Fueled by consumer expectations, instant card issuance continues to expand to branches throughout the country. In fact, Aite Group recently estimated the number of U.S. branches using the technology will grow from 46,444 this year to 67,075 in 2021. Still, one major bank recently went in the other direction, citing fraud concerns for its decision to stop offering the service.
There are many reasons to believe the bank’s decision marks an exception rather than the rule. For evidence, look no further than consumers’ heightened expectations for their branch experience. They want the same speed and convenience they get through digital channels, the promise of security, and the technology that matches the speed of their lives.
Giving consumers activated cards when they walk into the branch means people can start using them as soon as they walk out the door.
Those expectations are more than a trend; they’re the reality of financial services today. They’re also what’s behind the growing popularity of instant issuance.
3 Reasons For Instant Issuance
There are many reasons instant issuance remains a vital offering for financial institutions. Here are three.
1. Consumers demand it.
Services such as instant issuance can be game-changers for financial institutions. For instance, 44% of consumers say getting a debit card at a branch would influence where they bank, according to the 2016 Fiserv Insights: Consumer Preferences and Document Delivery survey. And 51% said it’s very important to get a debit card at a branch.
Consumers expect the physical branch to match their experience when buying a book online or sending a digital payment to a friend. They want financial institutions to translate click-and-go into a branch experience.

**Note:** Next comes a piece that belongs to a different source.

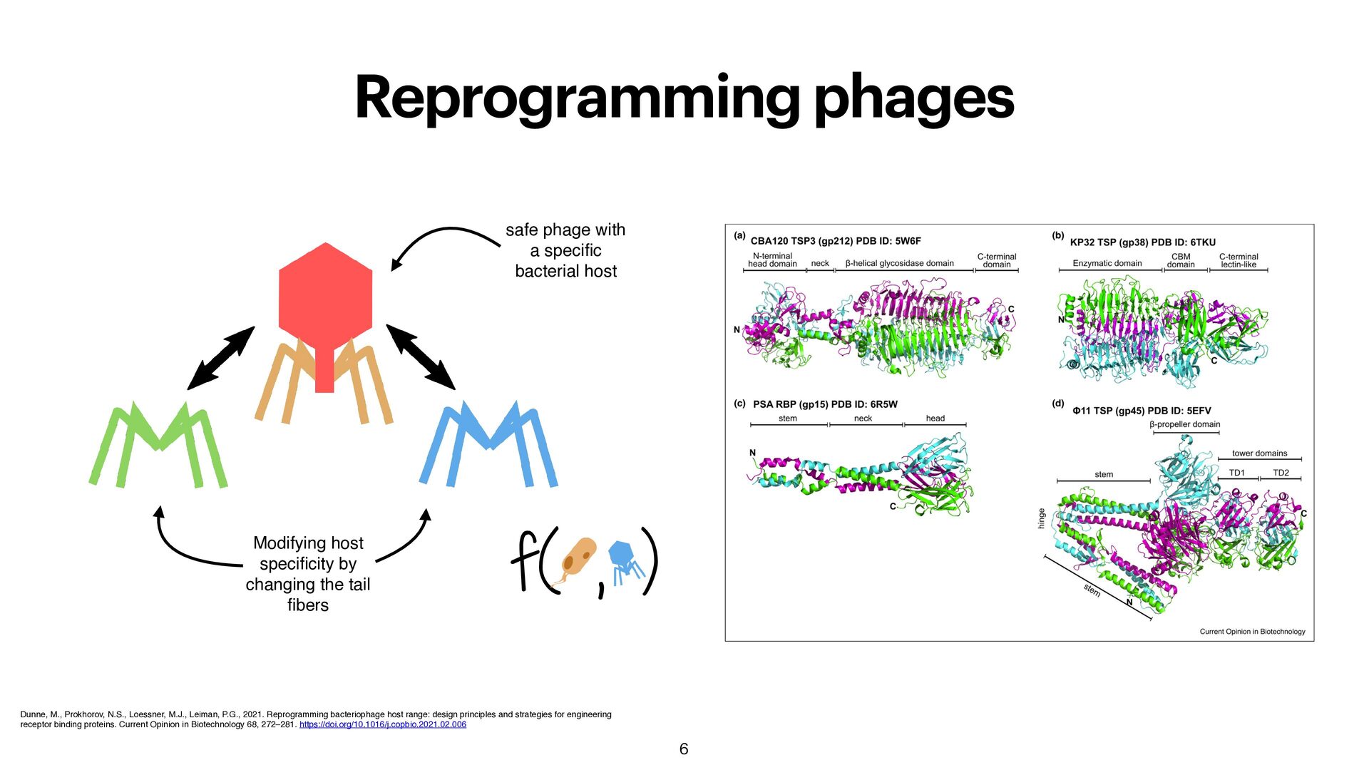 speci fi c bacterial host Modifying host speci fi city by changing the tail fi bers Dunne, M., Prokhorov, N.S., Loessner, M.J., Leiman, P.G., 2021. Reprogramming bacteriophage host range: design principles and strategies for engineering receptor binding proteins. Current Opinion in Biotechnology 68, 272–281. https://doi.org/10.1016/j.copbio.2021.02.006

2. The branch still matters.
Self-service channels continue to outpace the branch in terms of frequency of use, but Fiserv consumer research shows that many people value branch and in-person interactions. Branches still are relevant to all generations, with 54% of consumers with a bank account visiting a branch in the preceding month, according to the 2017 Expectations Experiences: Channels and New Entrants report from Fiserv.
Those consumers, especially millennials, expect in-person interactions to mirror the convenience of other channels. Those expectations are informing how the branch evolves and highlighting instant issuance’s place in that evolution.
3. Card activation drives revenue.
The U.S. market’s active debit card rate has held steady between 65% and 68% for the past several years, according to multiple industry analysts. If cards aren’t activated, they can’t affect interchange revenue for financial institutions. The Consumer Preferences research highlights the gap between people receiving their cards and activating them. Only 63% of consumers activated their debit card the day it arrived in the mail.
Giving consumers activated cards when they walk into the branch means people can start using them as soon as they walk out the door.
Giving consumers activated cards when they walk into the branch means people can start using them as soon as they walk out the door.
Security And Convenience Can Coexist
Preventing fraud, providing convenience, and enhancing the consumer experience are all critical. But they don’t have to be mutually exclusive.
There are concrete steps financial institutions can take to ensure security and meet consumer expectations for speed and ease. Take, for instance, palm vein authentication, which, when combined with instant card issuance, creates a secure, holistic experience. A consumer who visits a branch for a new debit card can get a palm vein scan in less time than it takes to pull out an ID and walk out minutes later with an activated card.
That’s how branches evolve. And that’s how financial institutions rise to meet consumer expectations for security, speed, and convenience.